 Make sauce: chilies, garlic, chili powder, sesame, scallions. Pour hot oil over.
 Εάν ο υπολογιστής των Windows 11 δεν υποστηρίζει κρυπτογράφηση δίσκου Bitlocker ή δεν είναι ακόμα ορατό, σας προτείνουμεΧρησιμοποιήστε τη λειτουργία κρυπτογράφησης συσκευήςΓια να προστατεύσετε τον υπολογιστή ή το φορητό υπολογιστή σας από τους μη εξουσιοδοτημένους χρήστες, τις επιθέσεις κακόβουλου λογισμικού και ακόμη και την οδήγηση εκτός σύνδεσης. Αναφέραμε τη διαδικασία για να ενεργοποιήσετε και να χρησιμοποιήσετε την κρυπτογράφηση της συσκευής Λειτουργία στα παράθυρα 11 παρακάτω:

######

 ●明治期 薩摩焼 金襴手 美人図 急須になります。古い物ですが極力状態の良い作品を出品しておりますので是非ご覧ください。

######

● What is being asked
Reproduce exactly the entries above, limited to the lines from the one with "Make sauce: chilies, garlic, chili" through the one with "Εάν ο υπολογιστής", both included.

● Response for this exercise
 Make sauce: chilies, garlic, chili powder, sesame, scallions. Pour hot oil over.
 Εάν ο υπολογιστής των Windows 11 δεν υποστηρίζει κρυπτογράφηση δίσκου Bitlocker ή δεν είναι ακόμα ορατό, σας προτείνουμεΧρησιμοποιήστε τη λειτουργία κρυπτογράφησης συσκευήςΓια να προστατεύσετε τον υπολογιστή ή το φορητό υπολογιστή σας από τους μη εξουσιοδοτημένους χρήστες, τις επιθέσεις κακόβουλου λογισμικού και ακόμη και την οδήγηση εκτός σύνδεσης. Αναφέραμε τη διαδικασία για να ενεργοποιήσετε και να χρησιμοποιήσετε την κρυπτογράφηση της συσκευής Λειτουργία στα παράθυρα 11 παρακάτω:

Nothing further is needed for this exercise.